For the past four weeks, our group has been scraping posts from the Personals section of Craigslist in fourteen U.S. cities: New York, San Francisco, Los Angeles, Las Vegas, D.C., Denver, Seattle, Chicago, Minneapolis, Providence, Dallas, Oklahoma City, Miami, and Jacksonville. For each post, we collect the following data:

url
city
subcity
datetime created
datetime updated
category
type
title
text
age
body
body art
diet
dislikes
drinks
drugs
education
ethnicity
eye color
facial hair
fears
hair
height
hiv/hsv/hpv
interests
kids, have
kids, want
likes
native language
occupation
personality
pets
politics
religion
resembles
smokes
status
weight
zodiac

Using this data, we want to answer: What words do people use to indicate the types of relationships they want? What words do they use to describe themselves, and how does this compare to words used to describe ideal partners? What kinds of sentiments can we find in these posts, and can we find correlated factors to sentiment? By clustering posts, can we create general profiles of posters? What are the outliers in this case? How do profiles differ city to city, region to region, or by popular cultural perceptions of the city?

Visualization

Word Frequency in Craigslist Personal Ads

Machine Learning

Taking first steps toward building profiles, we try to predict the marital status of posters based on their posting type, the length of the title (in characters), the length of the text (in characters), age, body type, and height. Our training data is self-reported, so we are making the assumption that people are posting their true marital status.

Data

We had 87,789 samples with the 6 variables: 4 numerical and 2 categorical. The 2 categorical variables had 31 and 9 possible outputs, so we made them into 31 and 9 nominal variables; combined we had 44 variables. Our 6 variables are as follows:

type: {'w4t': 14, 't4m': 4, 'w4w': 3, 'mm4ww': 16, 'w4m': 0, 'ww4ww': 26, 'ww4mm': 23, 'mm4mm': 29, 'w4mw': 10, 'm4w': 1, 'm4t': 6, 'ww4m': 27, 'w4mm': 25, 'ww4w': 30, 'm4m': 2, 'mw4m': 24, 't4mw': 21, 't4w': 11, 't4t': 5, 't4mm': 18, 'mw4t': 22, 't4ww': 28, 'mw4w': 15, 'mm4mw': 17, 'mm4w': 20, 'm4mw': 7, 'mw4mw': 9, 'm4mm': 13, 'mm4m': 19, 'm4ww': 8, 'w4ww': 12}
title length: int
text length: int
age: int
body: {'heavy': 3, 'fit': 6, 'athletic': 5, 'big': 0, 'average': 1, 'curvy': 2, 'thin': 4, 'skinny': 7, 'hwp': 8}
height: int (in cm)

Using these variables, we try to predict:

status: {'separated': 2, 'widowed': 3, 'never': 6, 'divorced': 1, 'married': 4, 'partnered': 5, 'single': 0}

Method

We first clean and standardize the data so the result will not be heavily skewed by certain variables. Then we perform Weighted KNN with 10 neighbors using Euclidean distance, weighing each distance by the squared inverse. We use 5-fold cross validation. Our accuracy rate for the model was 87.6%. We tried other machine learning algorithms such as decision trees and SVMs, but they produced ~70% accuracy, likely due to the amount of nominal variables which could have skewed some of the calculations in SVMs.

Challenges

One challenge of using this model is that not everyone posts an age, body type, or height. We could work around this by figuring out a way to accommodate for the missing variables. In general, a challenge of using machine learning is picking something interest to predict. We thought about predicting whether or not a post intends to look for a relationship based on the title and text, but hand-classifying training data is largely tedious, and more importantly has a degree of unreliability since intentions are often ambiguous or cannot be ascertained from the post (even by a human).

Discussion

What is hardest part of the project that you've encountered so far?

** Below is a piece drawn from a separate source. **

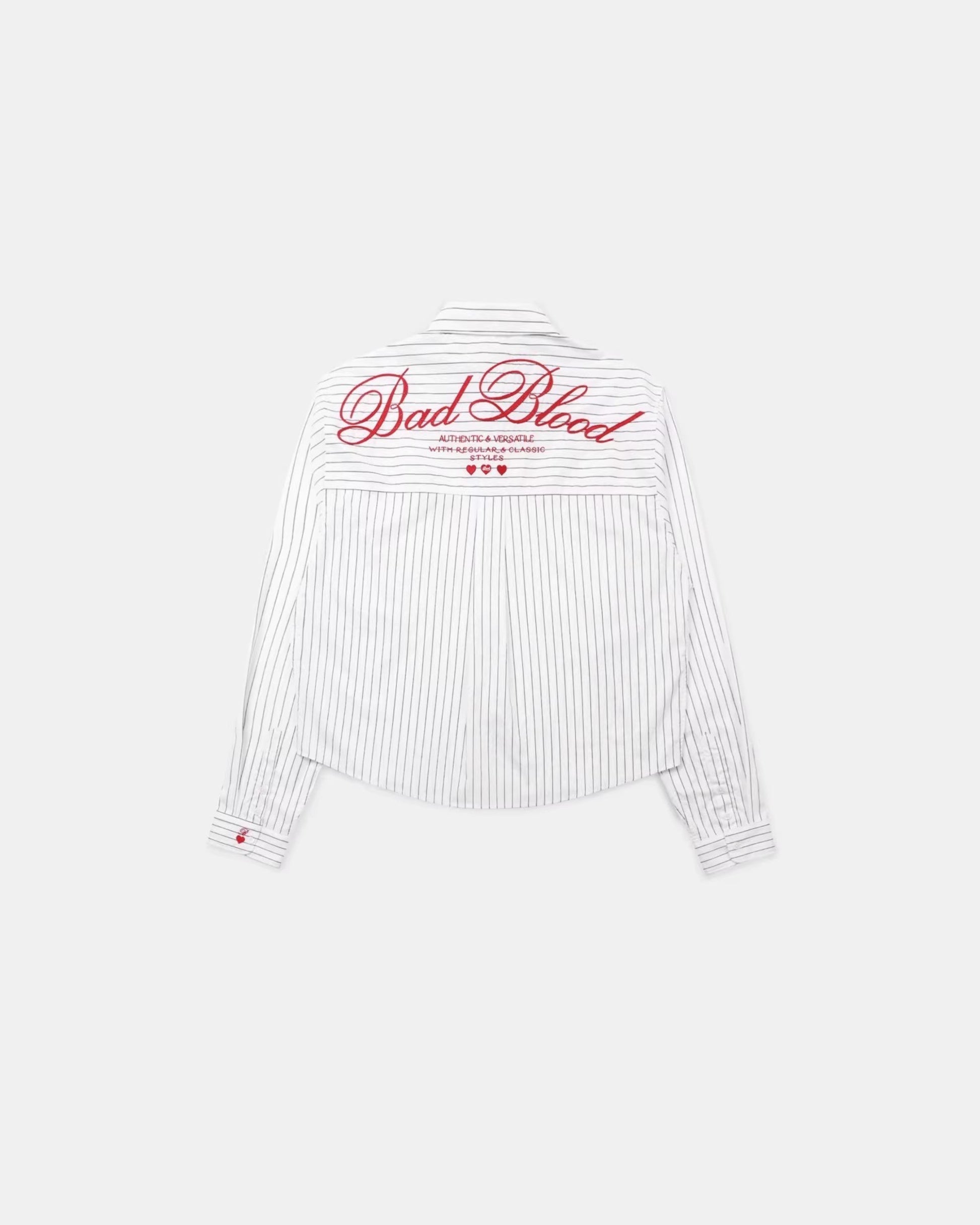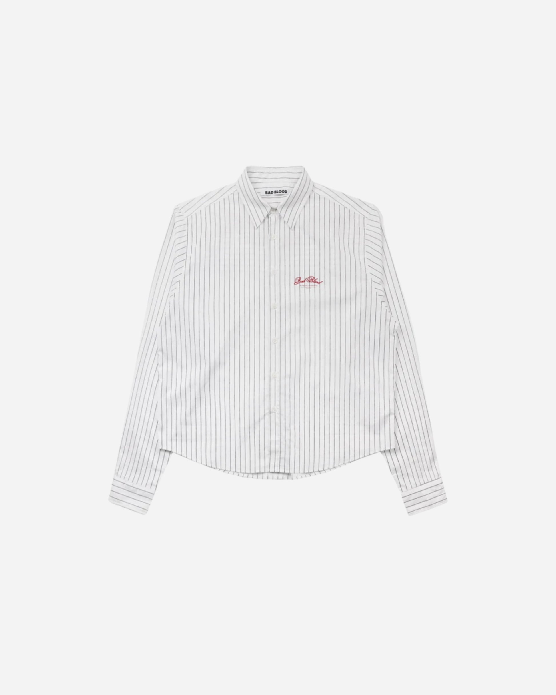 The Bad Blood Studios Stripe Shirt reworks a timeless pinstripe silhouette with bold character and subtle rebellion. Crafted in crisp white cotton with fine black stripes, the shirt features a relaxed, slightly boxy cut that drapes effortlessly on the body—easy, intentional, and understated.

The greatest difficulty in our project so far has not come in the process of finding answers, but in finding the right questions to ask. We have a great wealth of data in the personal ads, but our efforts to find deeper meaning--a signal in the noise--are limited by the lack of causative information. That is, what we would have loved to have and what was entirely absent from our data by the confidential nature of Craigslist, is information on resulting interactions from each posting. Thus, it is by no means a simple task to find questions of sufficient complexity and interest like those we’ve ultimately chosen to pursue.

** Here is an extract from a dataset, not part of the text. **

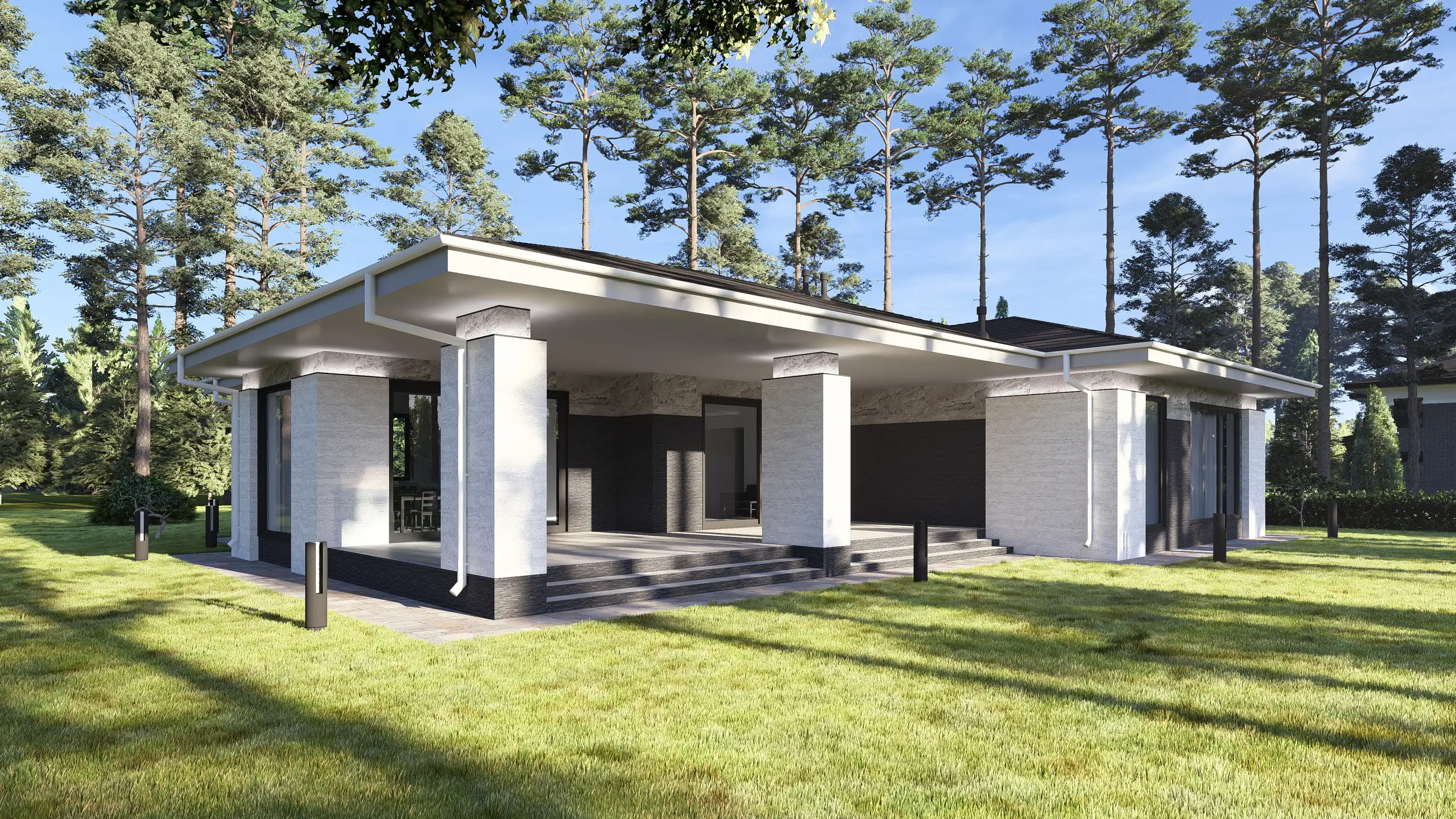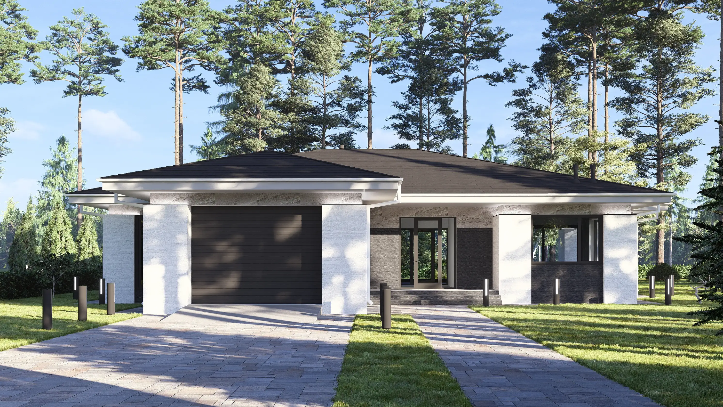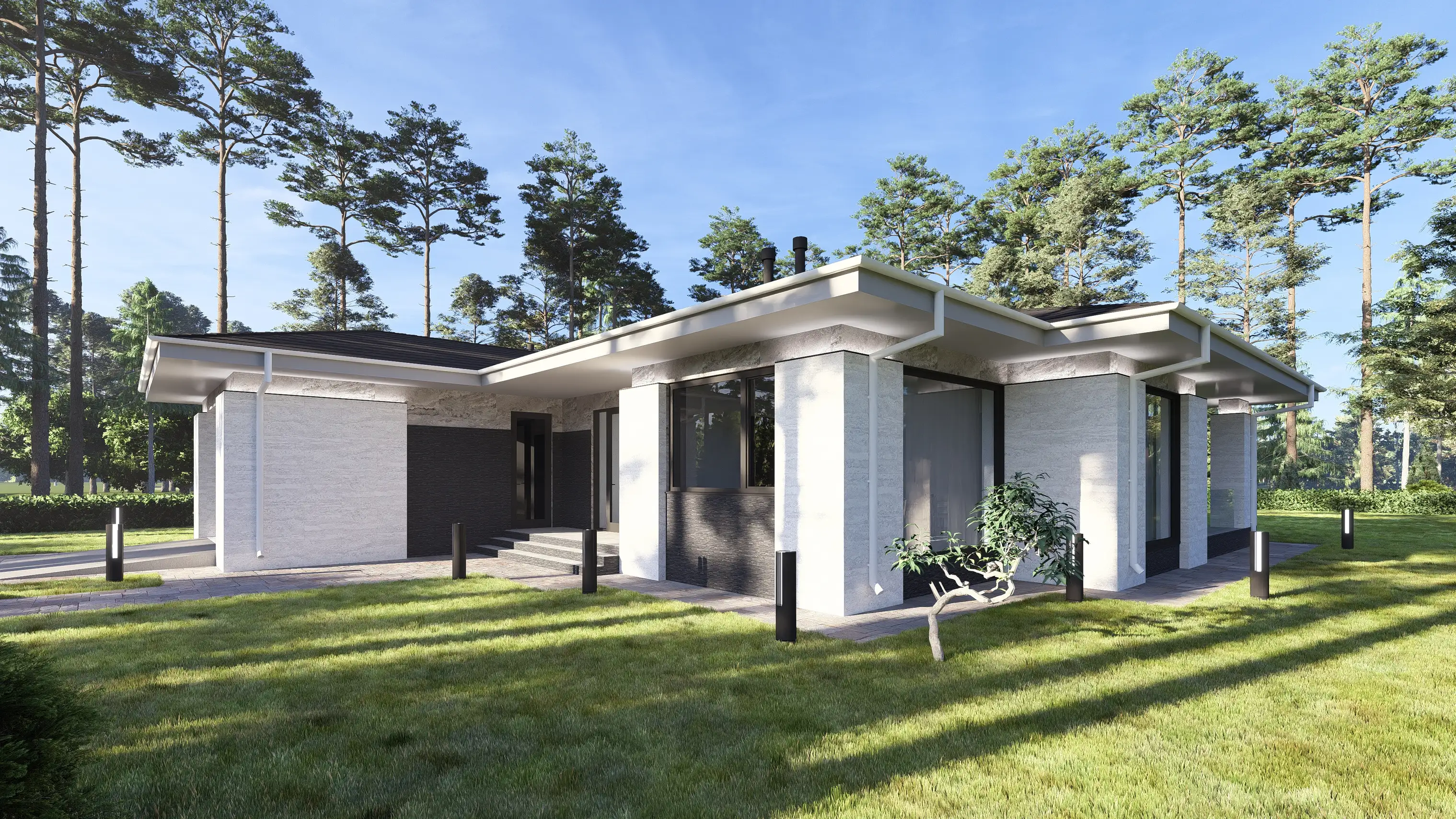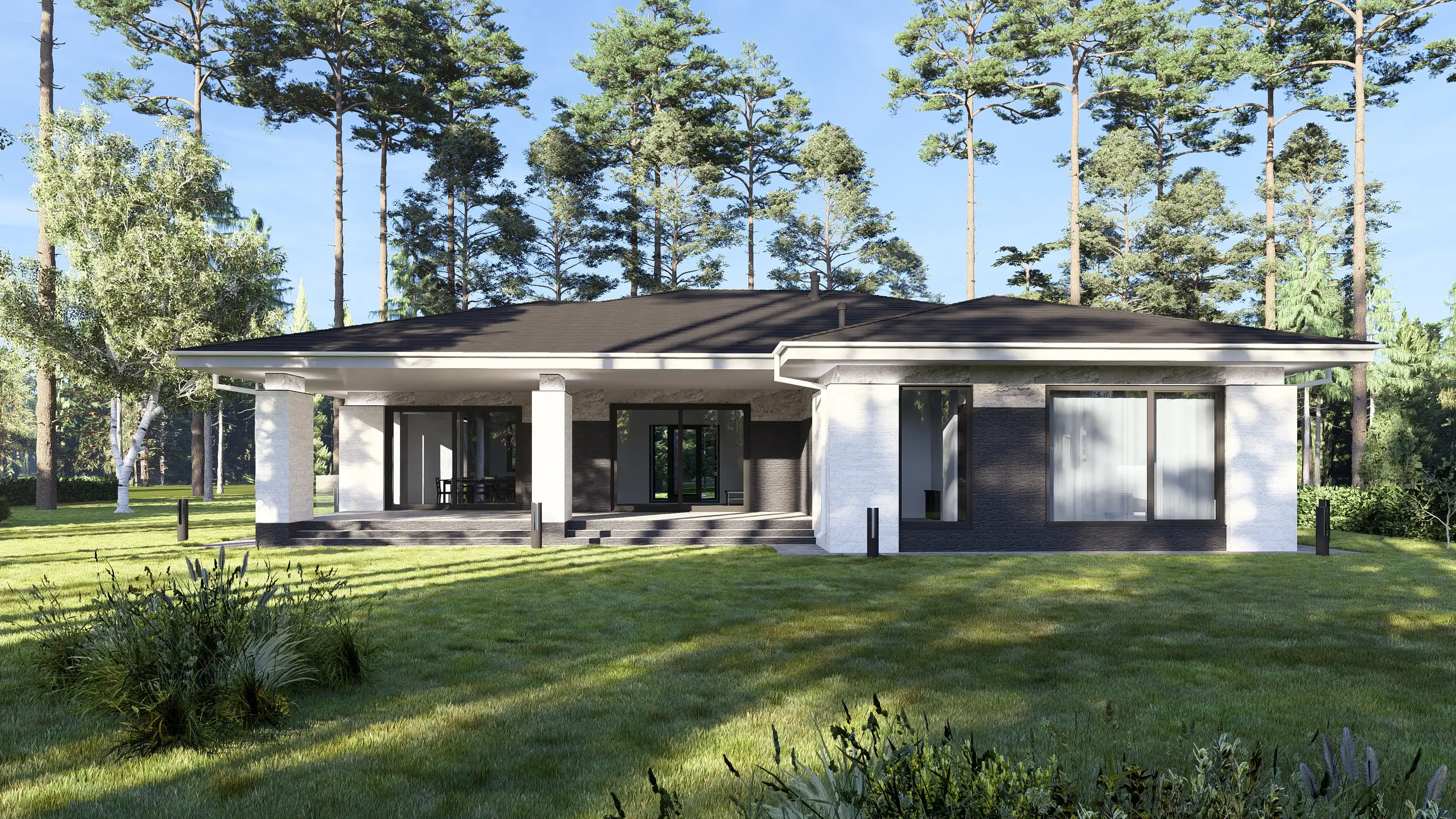 Проект «Майен» воплощает философию знаменитого стиля Райта — «органической архитектуры», где дом становится естественным продолжением ландшафта. Для этого стиля характерны горизонтальные линии, выступающие кровельные свесы, массивность и визуальная «приземленность», создающая ощущение надежности и умиротворения. Этот одноэтажный дом площадью 263.01 м² предлагает невероятно комфортную и продуманную планировку. Благодаря рациональному зонированию, жилая площадь составляет 211.64 м², что делает пространство исключительно эффективным. Три просторные комнаты и три санузла обеспечивают уют для семьи, а встроенный гараж добавлявает бытового удобства.

What are your initial insights?

Our word frequency visualization allows us to draw some preliminary insights about who is using which words in their Craigslist personal ads.

Firstly, it's clear that posters in "man seeking man" use the words "guys", "clean", "host", and "cock" far more frequently than posters in any other category. It may be that the term "host" indicates that the poster is looking for an immediate hook-up, such as "I can host you at my place."

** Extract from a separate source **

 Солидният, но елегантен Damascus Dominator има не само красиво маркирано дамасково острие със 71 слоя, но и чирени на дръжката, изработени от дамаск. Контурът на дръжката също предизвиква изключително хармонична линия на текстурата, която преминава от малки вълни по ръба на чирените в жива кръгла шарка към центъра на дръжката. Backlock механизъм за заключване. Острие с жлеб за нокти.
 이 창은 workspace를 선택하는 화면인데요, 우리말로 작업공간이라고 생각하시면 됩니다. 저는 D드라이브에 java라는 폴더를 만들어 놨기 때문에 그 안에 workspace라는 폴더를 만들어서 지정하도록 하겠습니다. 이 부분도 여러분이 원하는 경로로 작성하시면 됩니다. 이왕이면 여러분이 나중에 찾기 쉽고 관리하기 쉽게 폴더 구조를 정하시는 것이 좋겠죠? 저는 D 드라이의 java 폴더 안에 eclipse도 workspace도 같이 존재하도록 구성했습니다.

As for the term "love," female posters use it more often, both for women seeking men and women seeking women. They are following closely by male posters seeking women. From our visualization so far we are not willing to draw any conclusions about who is truly seeking love on craigslist, but we are looking forward to further investigating.

Are there any concrete results you can show at this point? If not, why not?

Please see Visualization and Machine Learning sections above.

Going forward, what are the current biggest problems you're facing?

We are still getting blocked by Craigslist servers occasionally, so the posts we have collected are not consistent over time. This means that we will not be able to accurately make any conclusions about when people are posting, e.g. time of day, day of the week.

Do you think you are on track with your project? If not, what parts do you need to dedicate more time to?

With a little over a month left, we still want to 1) cluster posts to create profiles, 2) answer how people describe themselves compared to how they describe their ideal partners, 3) perform sentiment analysis, and 4) make visualizations! We believe the timeline is feasible.

Given your initial exploration of the data, is it worth proceeding with your project?

Emphatically yes.